Werkvorm(en): hoorspel.
Activiteit: De kinderen maken een hoorspel van een bepaalde plek en presenteren dat aan elkaar.
Opmerking: tijdens de uitvoering van de hoorspelen zit het publiek met de rug naar de spelers toe. Je kunt de spelers ook achter een scherm o.i.d. plaatsen.
Als je het leuk vindt om vooraf een you tube filmpje over hoorspel te laten zien kijk dan op de hoorspelpagina van deze methode.
Print de lesopzet inclusief opdrachtkaarten.
Inleiding.
De groep zit in een kring op stoelen. Vertel dat de dramales over hoorspel gaat. Vertel wat hoorspel is, dat het een geluidenverhaal betreft dat vooral vroeger voor de radio werd gemaakt.
Op de linkensite die bij deze methode hoort is een link opgenomen waarmee je een filmpje over hoorspel aan je kinderen kan laten zien. Als je dit wil, doe het dan voorafgaand aan de les. Ook kun je een fragment van een hoorspel laten horen (van een Efteling-cd bijvoorbeeld), en geef vooral met eigen stemimitatie een indruk waar je naartoe wil.
Inventariseer welke geluiden kinderen met hun stem kunnen imiteren en doe dat meteen klassikaal. Als er dierengeluiden worden gemaakt hou dan voor ogen dat dieren geen letters kennen (een hond zegt niet ‘waf’ of ‘blaf’).
Warming up klassikaal.
De groep zit in een kring op de grond.
Instructie:
Leg allemaal je handen voor je en tik met je vingers op de grond (regen).
Nu hetzelfde maar dan met je nagels (hagel).
Hoe klinkt de wind als je het met z’n allen nadoet?
Laat in de verte een ambulance naderen en aan de andere kant weer verdwijnen.
Hoe klinkt het open doen van een deur? En doe de deur weer achter je dicht.

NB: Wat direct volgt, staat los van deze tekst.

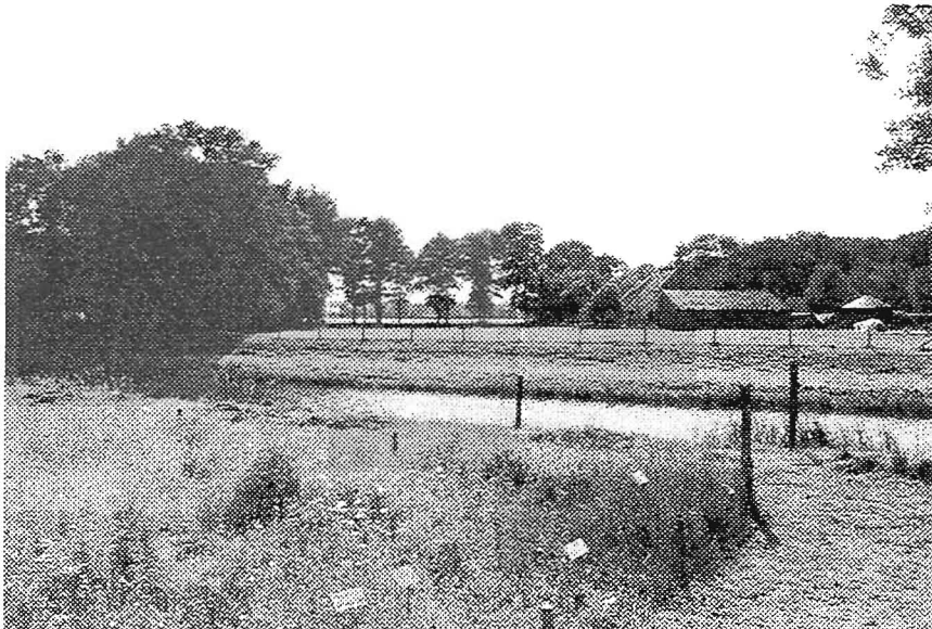
De Groenlose Slinge en het omringende landschap

Al gauw wandelden we op een van die prachtige voorzomerse dagen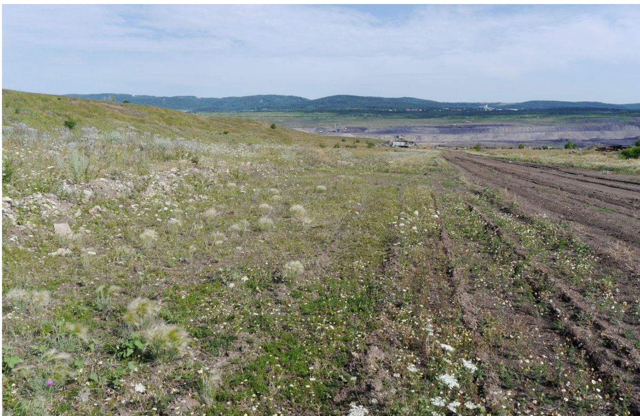
Pouhý pojezd pásové techniky na řídkce zarostlých plochách či podél cest výrazně zvyšuje atraktivitu území pro lindušku úhorní. Výsypka lomu Šverma.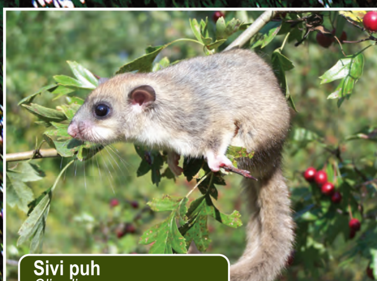
Sivi puh Glis glis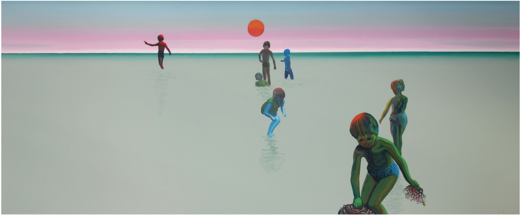
MIRAGE / 200 x 65 cm / Huile sur toile / 2019 / Commande du canton de Neuchâtel pour l'école Pierre Coulerly de La Chaux-de-Fonds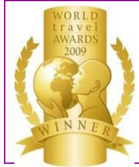
WTA – Turkey's Leading Spa Resort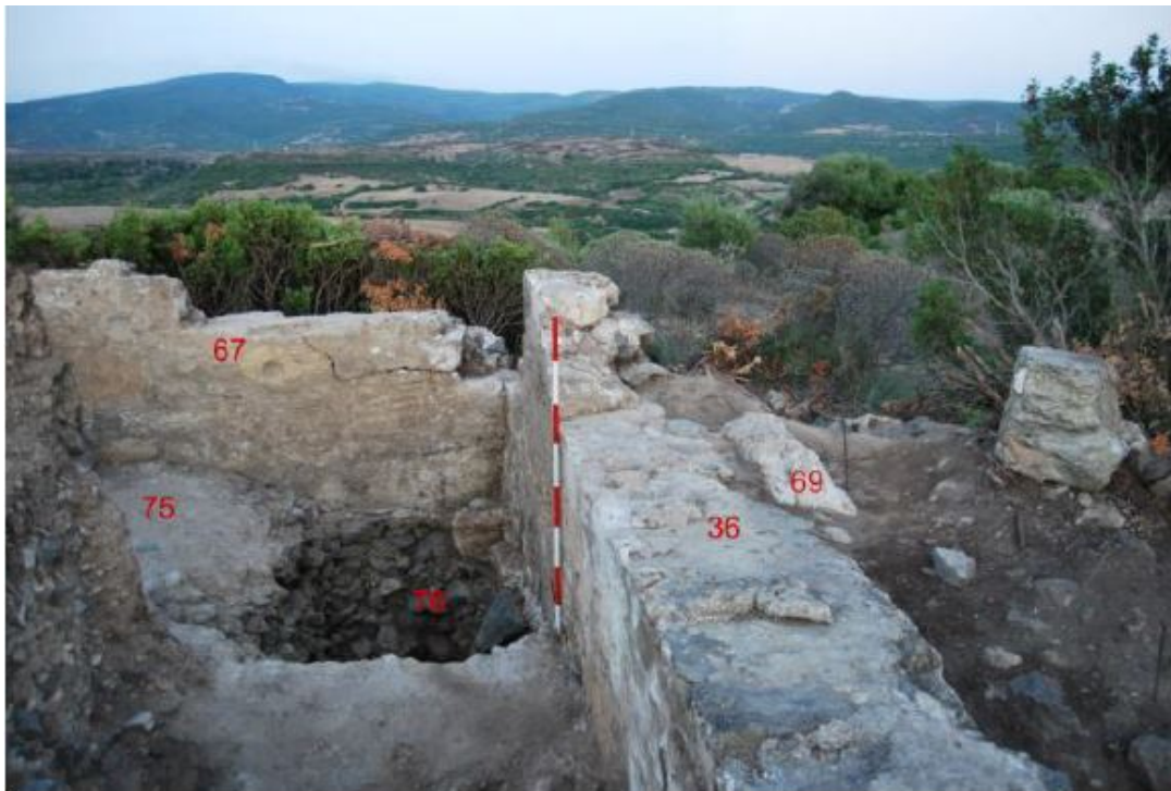
Fig. 4 - Corchinas, settore nord-orientale del colle: strutture termali (da Fantauzzi, De Vincenzo 2013, p. 12, fig. 16).

realizzati in opera cementizia e blocchi legati con malta e rifasciati all'esterno da conci calcarei di grandi dimensioni.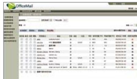
OfficeMail 企業郵件管理者介面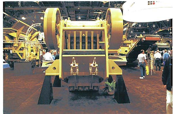
⇨ASTECH INDUSTRIES社 ジョウクラッシャー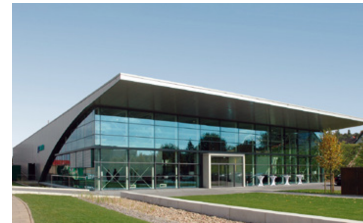
Pronorm | Vlotho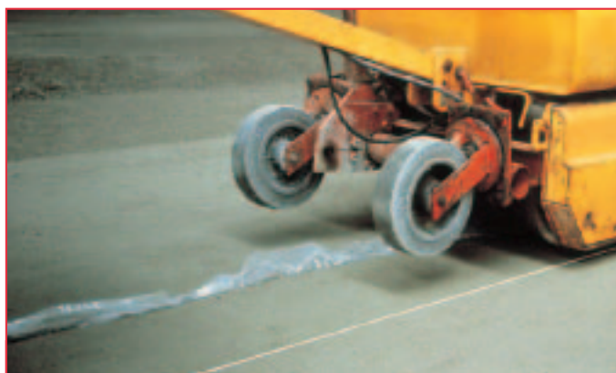
Machine à trancher les joints en position de travail. L'incorporation, dans le joint, d'une feuille de polyane permet d'éviter les épaufures aux bords de l'entaille.

mince (environ 80 µm) dans une couche de matériau traité, non compactée.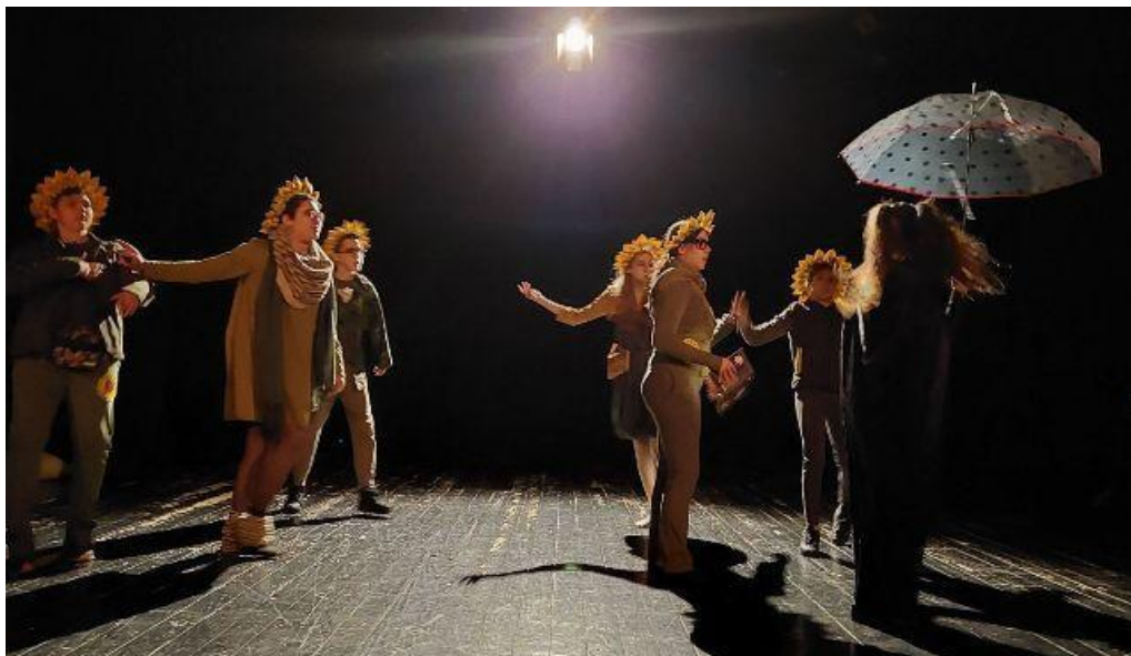
Представа "Као сунцокрет"

Hoe klinkt het opstijgen van een vliegtuig?
Het wegrijden van een stoomtrein?
Warming up tweetallen.
De groep staat in tweetallen in het lokaal, ze bepalen wie A is en wie B.
Instructie: A sluit de ogen, B maakt een geluid. A raadt pas om welk geluid het gaat als B klaar is. Dan wisselen jullie. Maak meer soorten geluiden dan alleen diergeluiden.
Kern.
De groep zit in hoefijzeropstelling
Instructie: Jullie krijgen zo in werkgroepen de opdracht om een hoorspel te maken over een plek waar veel mensen samenkomen. Daar krijgen jullie een geluidenlijstje voor, je mag dat gebruiken maar het hoeft niet.
Opdrachten: ziekenhuis, sportveld, circus, kermis.
Maak werkgroepen en verdeel de opdrachtkaarten.